The ‘Booker Dozen’ of 12 or 13 books will be announced in July 2021 with the shortlist of six books to follow in the autumn. The winner of the £50,000 prize will be announced in November 2021.
The announcement of Shuggie Bain as the 2020 winner was warmly welcomed across the world by booksellers, media and the public. The morning after the ceremony the book had jumped to the top of Amazon’s Best Sellers list. The UK publisher Picador, Pan Macmillan then revealed it was publishing an additional 150,000 copies. In the first full week after the announcement, the book sold more than 25,000 copies in the UK, a 1900% increase on the week preceding the announcement.

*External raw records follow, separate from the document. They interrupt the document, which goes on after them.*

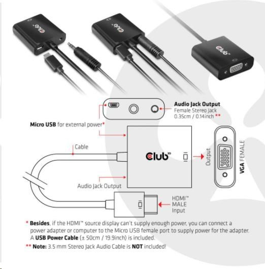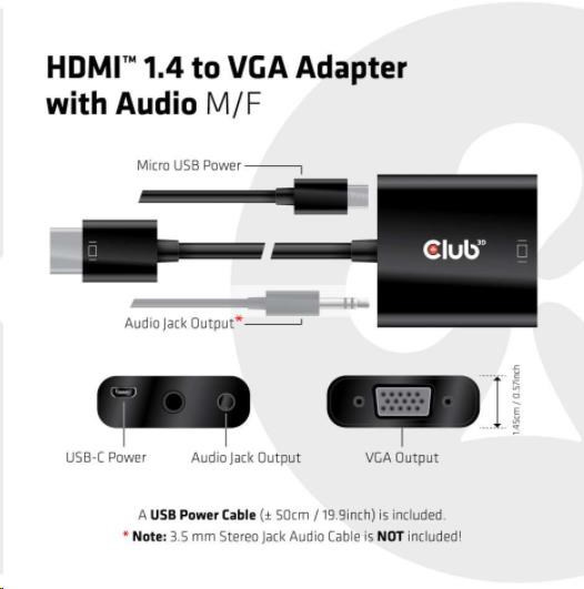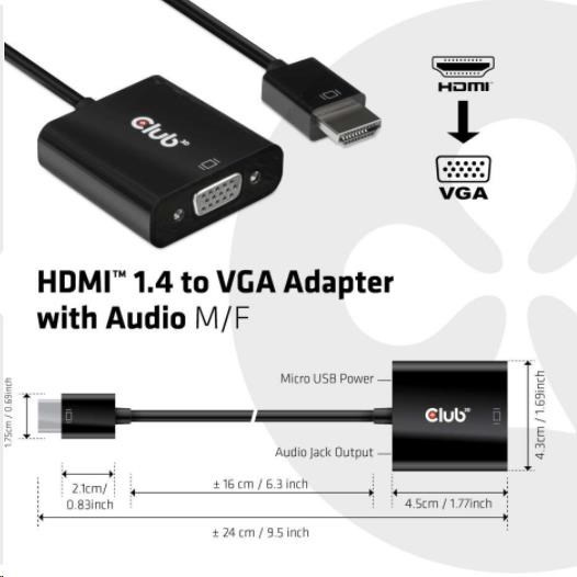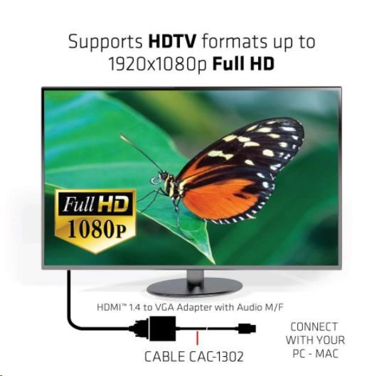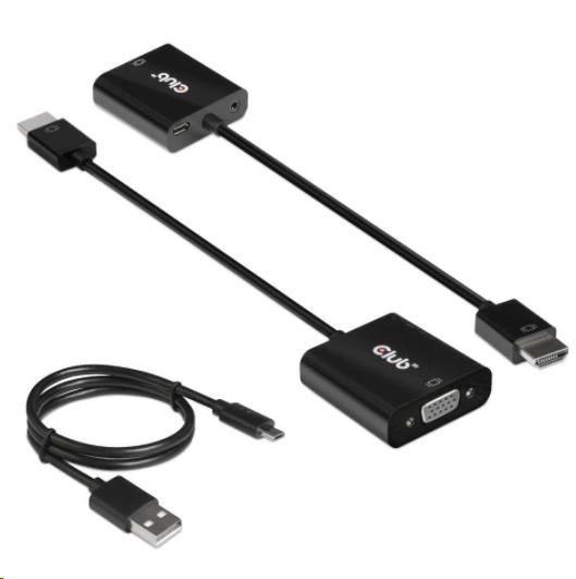 Akční nabídky na váš e-mailThe Club 3D CAC-1302 is an active HDMI™ 1.4 to VGA signal converter. It allows you to convert digital HDMI™ signal into analog VGA signal and extracts audio signal from HDMI™ signal through the R/L audio port.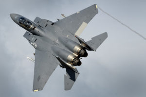 A 492nd Fighter Squadron F-15E Strike Eagle flies over Royal Air Force Lakenheath, England, Aug. 17 in support of Typhoon Warrior. (Image courtesy of U.S. Air Force/Tech. Sgt. Matthew Plew)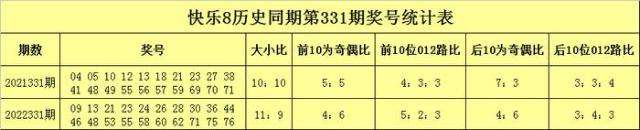 大小比分析:在历年第331期同期开奖中,奖号大小总比例为21:19,大小号码开出频次奇偶比相当,去年同期号码大小比为11:9,大小号码走势与理论差不多,今年第331期同期注意大号热出,关注大小比12:8。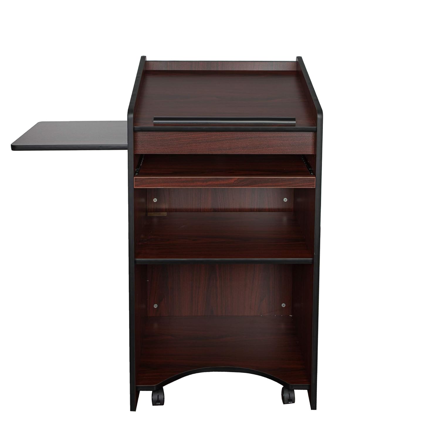 OEF Furnishings Mobile Floor Lectern with Side Shelf And Keyboard Tray, Mahogany
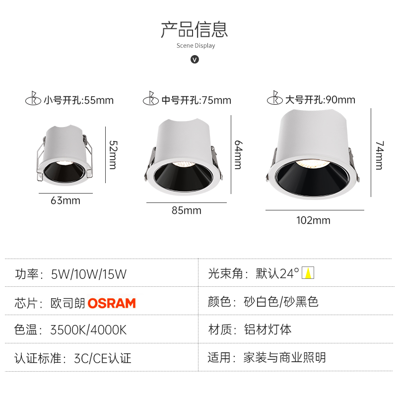 led embedded cob spotlight deep anti-glare honeycomb tube lamp home high-display finger color decoration smallpox without main floodlight

Shuggie Bain has now sold more than 80,000 copies in the UK, an overall increase of 234% on its pre-announcement sales. It has been to Number 1 in The Times and the LA Times bestseller lists, Number 2 in The Sunday Times bestseller list, and Number 3 in The New York Times bestseller list. TV and film rights have been sold to Scott Rudin/A24 for a planned TV series, as well as translation rights to 30 territories, including an eight-way auction in China. This month, Pan Macmillan gave away 300 copies of Shuggie Bain to Streetreads, a homeless reading project, after it topped the book wishlist of its service users.
The Booker Prize is sponsored by Crankstart, a charitable foundation.